With the pictures left out, transcribe exactly the lines from the one with "看上图,左圈处是我15年股灾" through the end of the data.

Stored data entries:
# # # #

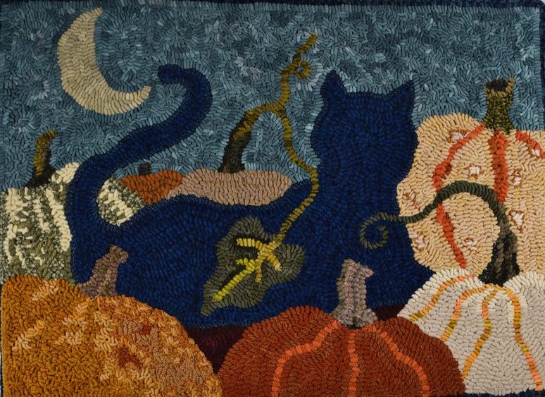 W. Cushing is proud to have Nola Hooks and Cactus Needle patterns! Cat in the Pumpkin Patch, Pattern by Cactus Needle, 20″ x 28″. *Embellishments are fun to add, such as Arctic Rays or Metallic Yarn for a 3D effect. Try our dip spots hand dyed wool for shading effects. We have a large variety of hand dyed wools for your rug such as Twinkle, Jacob’s Peach, Fall Pumpkin Patch, Vintage Label Pumpkin and more! Mix Textured wool with Dyed wool for a complete look. Please click the link to view all our in-stock textures. https://dev.wcushing.com/product-category/textured-wool/
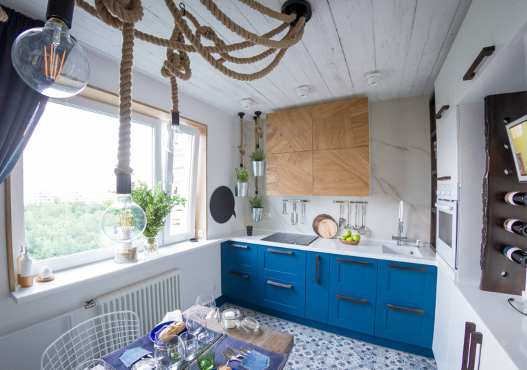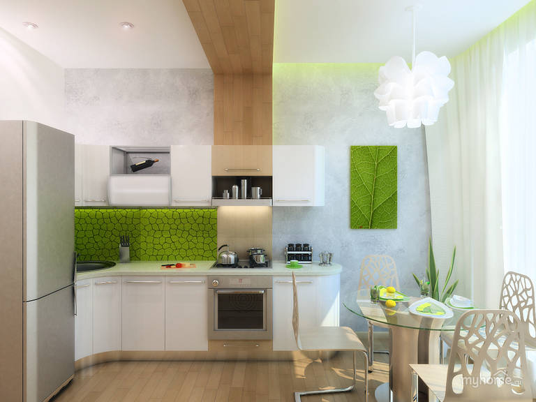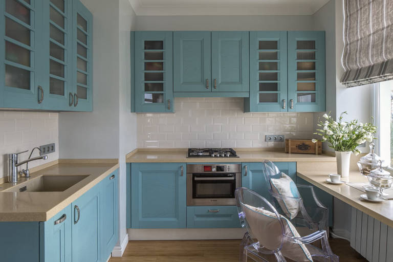 Para cocinas pequeñas, es aconsejable pedir un juego de cocina alta, por razones de ahorro de espacio. En los gabinetes superiores puede almacenar pequeños electrodomésticos.
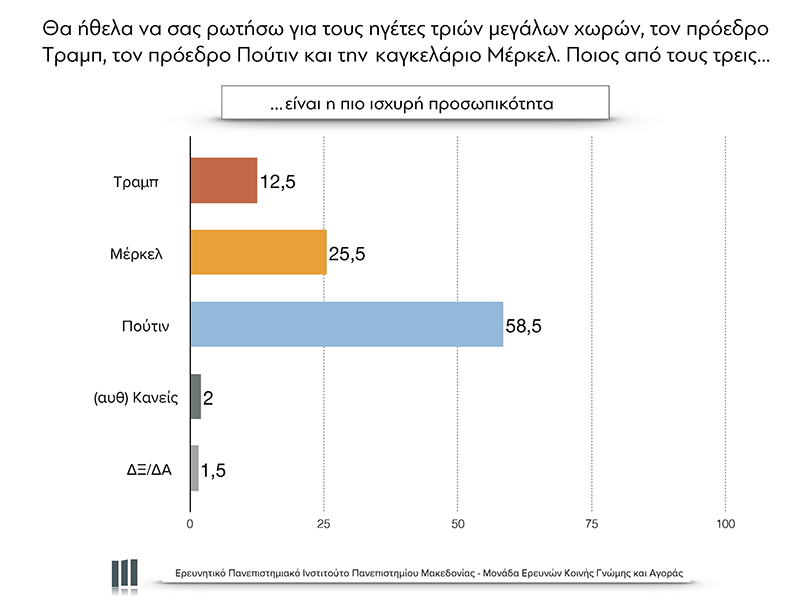 Στην πρόσφατη έρευνα της Μονάδας Ερευνών Κοινής Γνώμης και Αγοράς του Ερευνητικού Πανεπιστημιακού Ινστιτούτου του Πανεπιστημίου Μακεδονίας (24-25 Μαΐου 2018) ο Βλαντίμιρ Πούτιν, συγκριτικά με τον πρόεδρο των ΗΠΑ, Ντόναλντ Τραμπ και την καγκελάριο της Γερμανίας Ανγκελα Μέρκελ, θεωρείται με διαφορά η πιο ισχυρή προσωπικότητα (58,5%), ο πιο συμπαθής (48%), ότι έχει τα πιο θετικά χαρακτηριστικά (47%) και ότι θα ταίριαζε καλύτερα στη χώρα μας (39,5%). Το εντυπωσιακότερο; Εστω και με βραχεία κεφαλή, θεωρείται και ο πιο αξιόπιστος. Οι αριθμοί αυτοί σοκάρουν τους Ευρωπαίους και τους Αμερικανούς που δυσκολεύονται να αντιληφθούν πώς σκεφτόμαστε ως λαός. Πώς γίνεται ένας αυταρχικός ηγέτης να θεωρείται τόσο δημοφιλής σε μια δημοκρατική χώρα; Μια σειρά από υποθέσεις έχουν διατυπωθεί για τη ρωσόφιλη στάση των ελλήνων πολιτών.
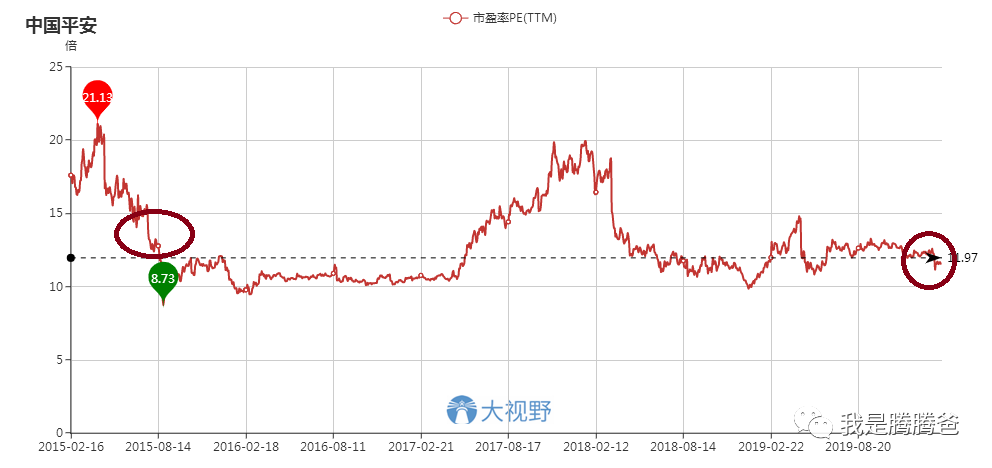 看上图,左圈处是我15年股灾期间首次买入平安时的市盈率估值,右圈处是当前平安的市盈率估值。
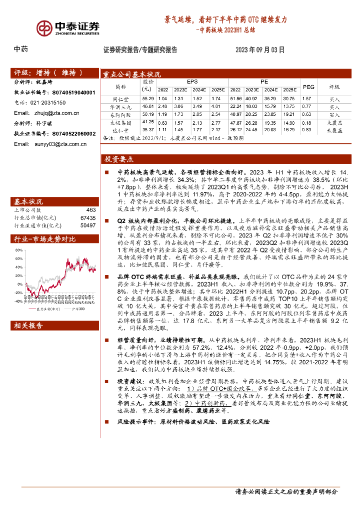 中泰证券:中药板块2023H1总结:景气延续,看好下半年中药OTC继续发力.pdf
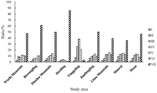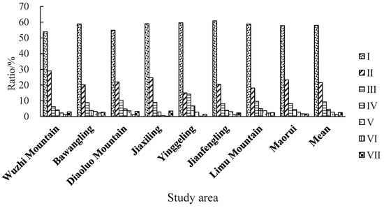 Based on the sample plot survey and in accordance with similar studies [24,25], the standing trees were divided into seven diameter classes based on their size in centimeters: I (1 ≤ DBH < 5), II (5 ≤ DBH < 10), III (10 ≤ DBH < 15), IV (15 ≤ DBH < 20), V (20 ≤ DBH < 25), VI (25 ≤ DBH < 30) and VII (DBH ≥ 30).
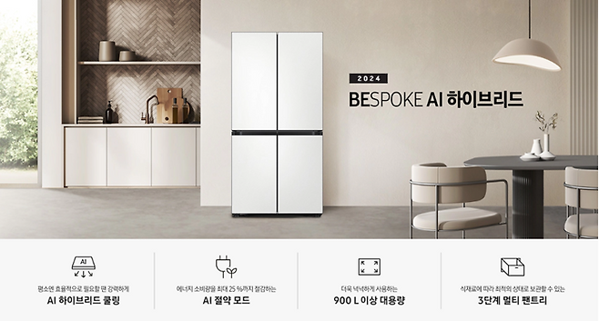 삼성전자의 2024년형 비스포크 냉장고는 전 모델에 'AI 인버터 컴프레서'와 ‘AI 절약 모드’ 등 에너지 절감 기술을 탑재했다.
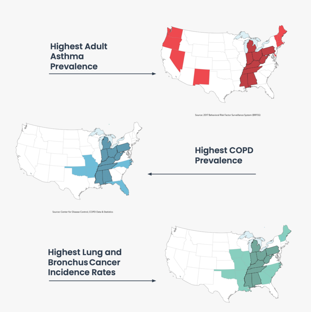 Prior to deploying LungStory we needed to better understand the market for respiratory health in America. As it turns out there was very limited information on the relationship between respiratory disease prevalence and geography. By combining national healthcare data with direct-to-consumer marketing tactics to discover potential target audiences for our diagnostic support solution our respiratory health research led us to discover the prevalence of chronic respiratory disease disproportionality affecting certain states in America.
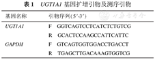 采用全血DNA提取试剂盒(上海生工生物工程股份有限公司)提取DNA,按照UGT1A1基因第1外显子的特异序列及空间结构设计引物(引物由上海生工生物工程股份有限公司合成),进行PCR扩增,PCR反应体系:1 μL DNA模板,0.5 μL上游引物,0.5 μL下游引物,0.5 μL dNTP,2.5 μL Taq Buffer,0.2 μL DNA聚合酶,去离子水补充至25 μL。反应条件为95 ℃预变性3 min,然后进行35个PCR循环(94 ℃变性30 s;58 ℃退火30 s;72 ℃延伸60 s),最后72 ℃延伸10 min。用1.5%琼脂糖凝胶电泳检测PCR产物是否合格,将合格的DNA产物送检生工生物工程进行测序,分析突变。UGT1A1基因扩增引物及测序引物见表1。

# # # #

### Answer to this exercise
 看上图,左圈处是我15年股灾期间首次买入平安时的市盈率估值,右圈处是当前平安的市盈率估值。
 中泰证券:中药板块2023H1总结:景气延续,看好下半年中药OTC继续发力.pdf
 Based on the sample plot survey and in accordance with similar studies [24,25], the standing trees were divided into seven diameter classes based on their size in centimeters: I (1 ≤ DBH < 5), II (5 ≤ DBH < 10), III (10 ≤ DBH < 15), IV (15 ≤ DBH < 20), V (20 ≤ DBH < 25), VI (25 ≤ DBH < 30) and VII (DBH ≥ 30).
 삼성전자의 2024년형 비스포크 냉장고는 전 모델에 'AI 인버터 컴프레서'와 ‘AI 절약 모드’ 등 에너지 절감 기술을 탑재했다.
 Prior to deploying LungStory we needed to better understand the market for respiratory health in America. As it turns out there was very limited information on the relationship between respiratory disease prevalence and geography. By combining national healthcare data with direct-to-consumer marketing tactics to discover potential target audiences for our diagnostic support solution our respiratory health research led us to discover the prevalence of chronic respiratory disease disproportionality affecting certain states in America.
 采用全血DNA提取试剂盒(上海生工生物工程股份有限公司)提取DNA,按照UGT1A1基因第1外显子的特异序列及空间结构设计引物(引物由上海生工生物工程股份有限公司合成),进行PCR扩增,PCR反应体系:1 μL DNA模板,0.5 μL上游引物,0.5 μL下游引物,0.5 μL dNTP,2.5 μL Taq Buffer,0.2 μL DNA聚合酶,去离子水补充至25 μL。反应条件为95 ℃预变性3 min,然后进行35个PCR循环(94 ℃变性30 s;58 ℃退火30 s;72 ℃延伸60 s),最后72 ℃延伸10 min。用1.5%琼脂糖凝胶电泳检测PCR产物是否合格,将合格的DNA产物送检生工生物工程进行测序,分析突变。UGT1A1基因扩增引物及测序引物见表1。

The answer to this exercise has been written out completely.